> **What the task asks**: Leave every image behind and restate the data word for word.

> **Dataset section**:
========================
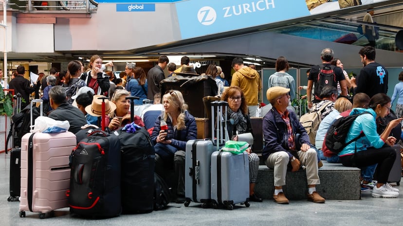 En Atocha hay un barullo que no cesa. Los viajeros hablan por teléfono o por vídeo llamada en todos los idiomas, charlan en las filas, comen un bocadillo o cabecean sentados sobre sus maletas en los pasillos. Algunos han tenido que pasar la noche en la estación o han llegado en la madrugada. Marta vino a Madrid el fin de semana y debía regresar el domingo en el tren de las 17.00 a Málaga. Trabaja en el mercado inmobiliario y este lunes tenía varias citas para tomar fotos a apartamentos. No llegó y aún duda si llegará. Anoche pagó 85 euros por una noche de hotel cerca a Atocha y madrugó este lunes para esperar desde las 7.00 para el tren de las 8.00 que le habían reprogramado. Pero el servicio no salió y, ahora, le han dado un nuevo boleto para el de las 15.55. "Soy autónoma y he perdido el día de trabajo. Ha sido todo un caos, las demoras solo aumentan", dice Marta, sentada en el suelo de un pasillo.
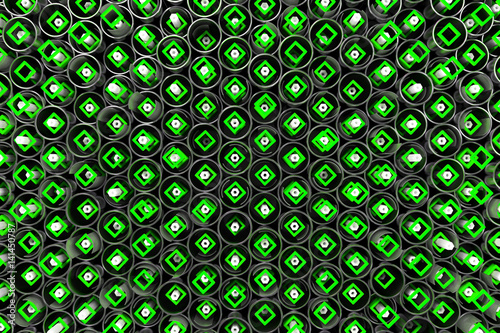 Pattern of metal tubes, hexagons, square elements and glass surfaces
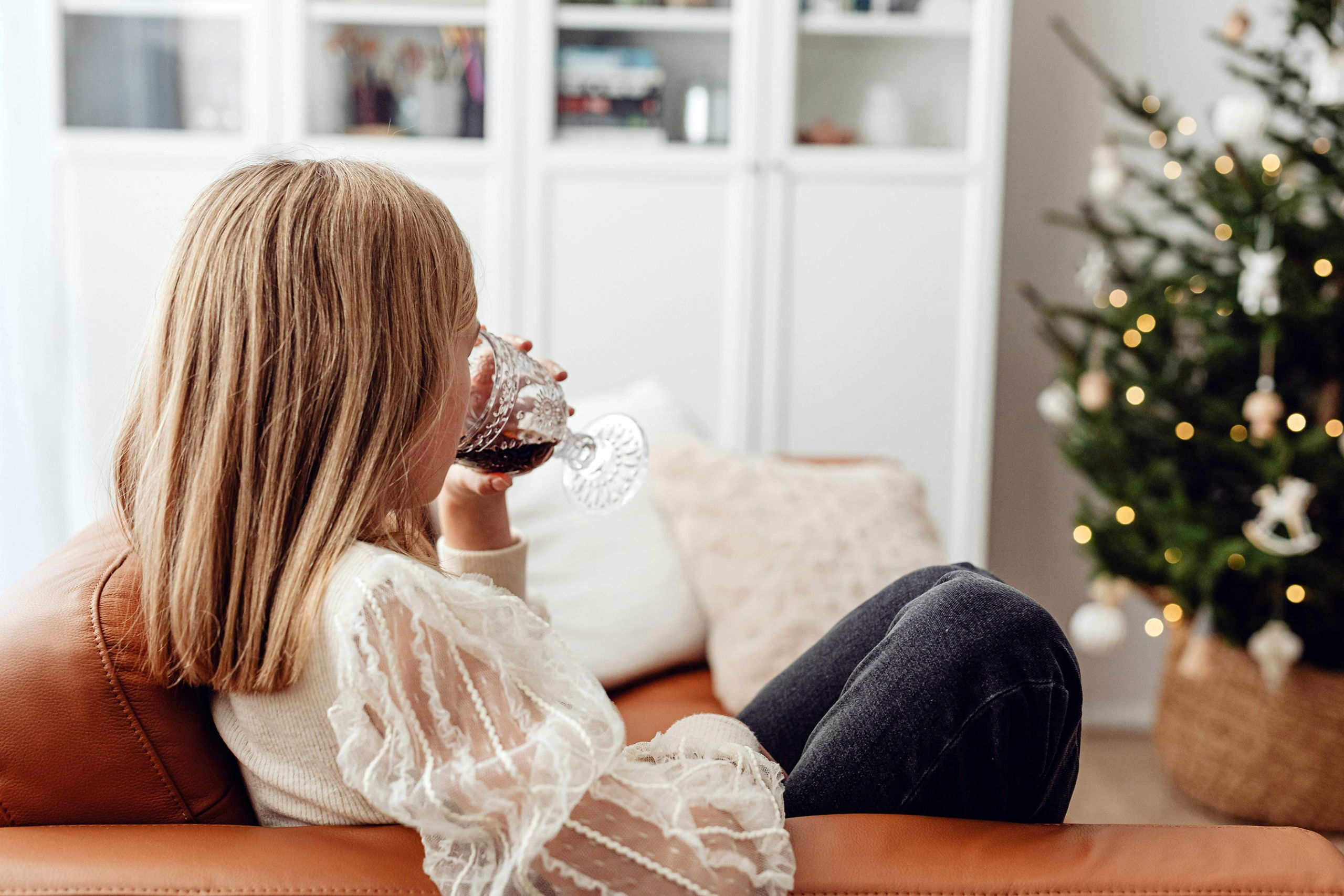 Woman sitting alone at home during Christmas, quietly drinking by the tree.
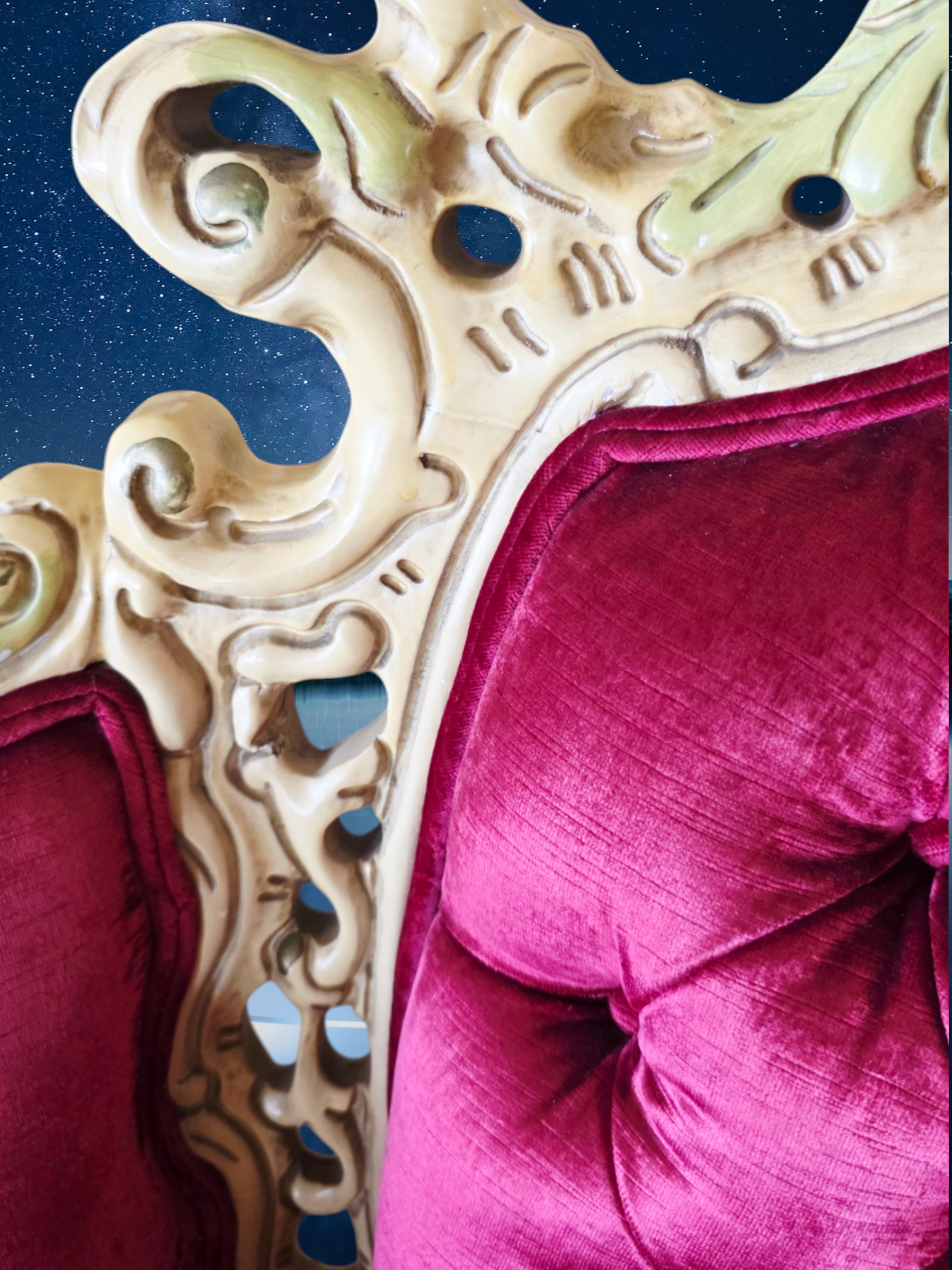 🎩 ✨ Sala de Epoca en Terciopelo Vino y Madera Tallada Color Marfil ✨🏛️
========================
> **Answer to this problem**:
 En Atocha hay un barullo que no cesa. Los viajeros hablan por teléfono o por vídeo llamada en todos los idiomas, charlan en las filas, comen un bocadillo o cabecean sentados sobre sus maletas en los pasillos. Algunos han tenido que pasar la noche en la estación o han llegado en la madrugada. Marta vino a Madrid el fin de semana y debía regresar el domingo en el tren de las 17.00 a Málaga. Trabaja en el mercado inmobiliario y este lunes tenía varias citas para tomar fotos a apartamentos. No llegó y aún duda si llegará. Anoche pagó 85 euros por una noche de hotel cerca a Atocha y madrugó este lunes para esperar desde las 7.00 para el tren de las 8.00 que le habían reprogramado. Pero el servicio no salió y, ahora, le han dado un nuevo boleto para el de las 15.55. "Soy autónoma y he perdido el día de trabajo. Ha sido todo un caos, las demoras solo aumentan", dice Marta, sentada en el suelo de un pasillo.
 Pattern of metal tubes, hexagons, square elements and glass surfaces
 Woman sitting alone at home during Christmas, quietly drinking by the tree.
 🎩 ✨ Sala de Epoca en Terciopelo Vino y Madera Tallada Color Marfil ✨🏛️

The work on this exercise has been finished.